● Goal of the exercise: Go through the listing below, and from the line containing "截至2026年一季度末,公司" through its last line, transcribe every line exactly, skipping pictures.

● Supplied information:
BEGIN

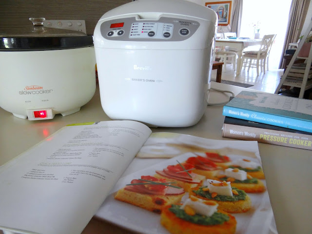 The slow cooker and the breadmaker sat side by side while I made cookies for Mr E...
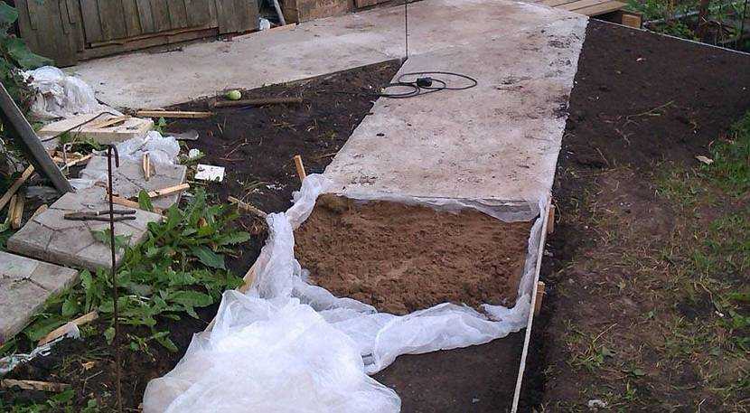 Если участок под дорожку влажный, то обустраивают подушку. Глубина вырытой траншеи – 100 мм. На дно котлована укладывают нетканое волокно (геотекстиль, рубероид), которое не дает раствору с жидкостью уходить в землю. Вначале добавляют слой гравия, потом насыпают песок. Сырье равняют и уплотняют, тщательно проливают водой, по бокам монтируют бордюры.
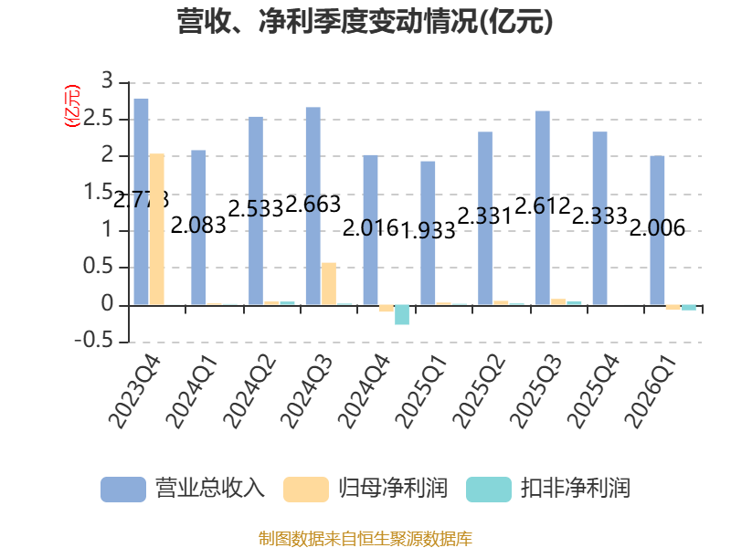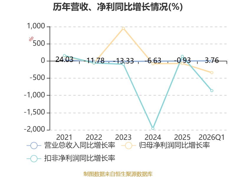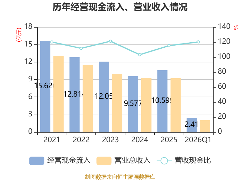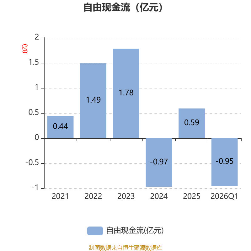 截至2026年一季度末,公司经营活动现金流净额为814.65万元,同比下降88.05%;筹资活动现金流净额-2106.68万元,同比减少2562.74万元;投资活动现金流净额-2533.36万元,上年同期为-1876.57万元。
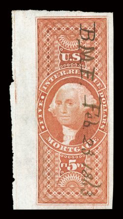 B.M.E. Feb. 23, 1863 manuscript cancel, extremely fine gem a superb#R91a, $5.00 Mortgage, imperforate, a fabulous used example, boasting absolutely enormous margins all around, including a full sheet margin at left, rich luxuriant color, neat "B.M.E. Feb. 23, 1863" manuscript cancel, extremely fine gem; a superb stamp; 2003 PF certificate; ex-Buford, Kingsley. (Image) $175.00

END

● Result below:
 截至2026年一季度末,公司经营活动现金流净额为814.65万元,同比下降88.05%;筹资活动现金流净额-2106.68万元,同比减少2562.74万元;投资活动现金流净额-2533.36万元,上年同期为-1876.57万元。
 B.M.E. Feb. 23, 1863 manuscript cancel, extremely fine gem a superb#R91a, $5.00 Mortgage, imperforate, a fabulous used example, boasting absolutely enormous margins all around, including a full sheet margin at left, rich luxuriant color, neat "B.M.E. Feb. 23, 1863" manuscript cancel, extremely fine gem; a superb stamp; 2003 PF certificate; ex-Buford, Kingsley. (Image) $175.00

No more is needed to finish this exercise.